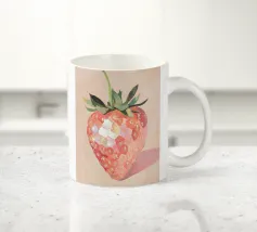 Una singola fragola è al centro di questa opera colorata e moderna. Lo sfondo turchese e rosa con struttura astratta contrasta con la superficie lucida del frutto. L'opera d'arte ricorda la pop art e colpisce per la sua presenza grafica e i suoi colori decisi. Ideale per cucine moderne, spazi di design o come elemento di richiamo in un ambiente creativo.
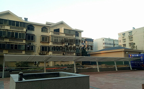 新鄉市北辰悅府車棚/頂棚膜結構、鋼結構設計、加工、運輸、安裝。
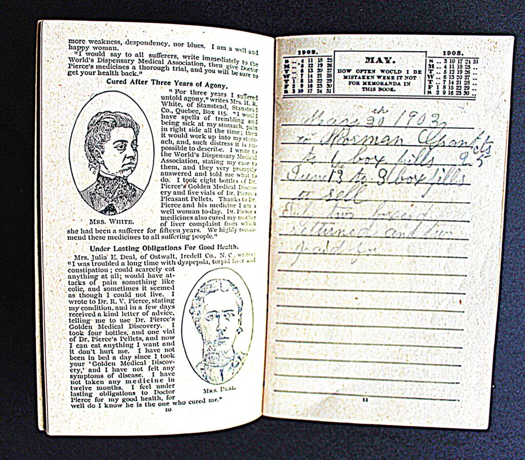 “May 30th 1903 to Norman Grant to 1 box pills 25c June 13th to 3 box pills to sell July two boxes of pills returned and two paid for” Research: Silvia does have an Uncle Norman Grant.
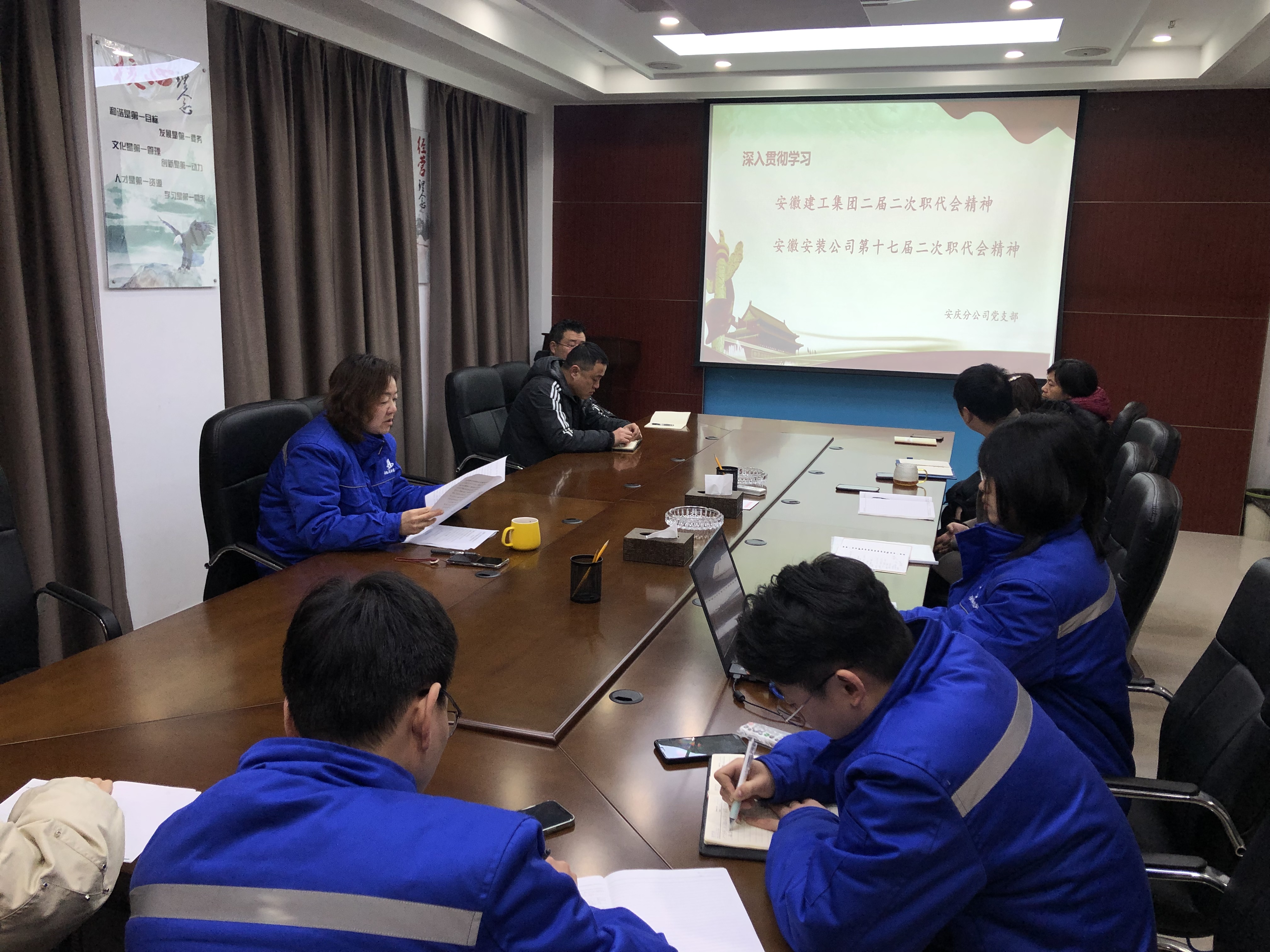 集團(tuán)公司、公司兩級職代會相繼召開之后,2月9日,安慶分公司結(jié)合實際,迅速在分公司機(jī)關(guān)和項目部分別組織召開了專題學(xué)習(xí)會,積極開展學(xué)習(xí)宣貫兩級職代會精神。會議由分公司黨支部書記劉紅艷主持。

※

Take the lines from the start of the material to the line with "新鄉市北辰悅府車棚/頂棚膜結構、鋼結構設計、加工、運輸、安裝。", both included, and transcribe them exactly without the pictures.

 Una singola fragola è al centro di questa opera colorata e moderna. Lo sfondo turchese e rosa con struttura astratta contrasta con la superficie lucida del frutto. L'opera d'arte ricorda la pop art e colpisce per la sua presenza grafica e i suoi colori decisi. Ideale per cucine moderne, spazi di design o come elemento di richiamo in un ambiente creativo.
 新鄉市北辰悅府車棚/頂棚膜結構、鋼結構設計、加工、運輸、安裝。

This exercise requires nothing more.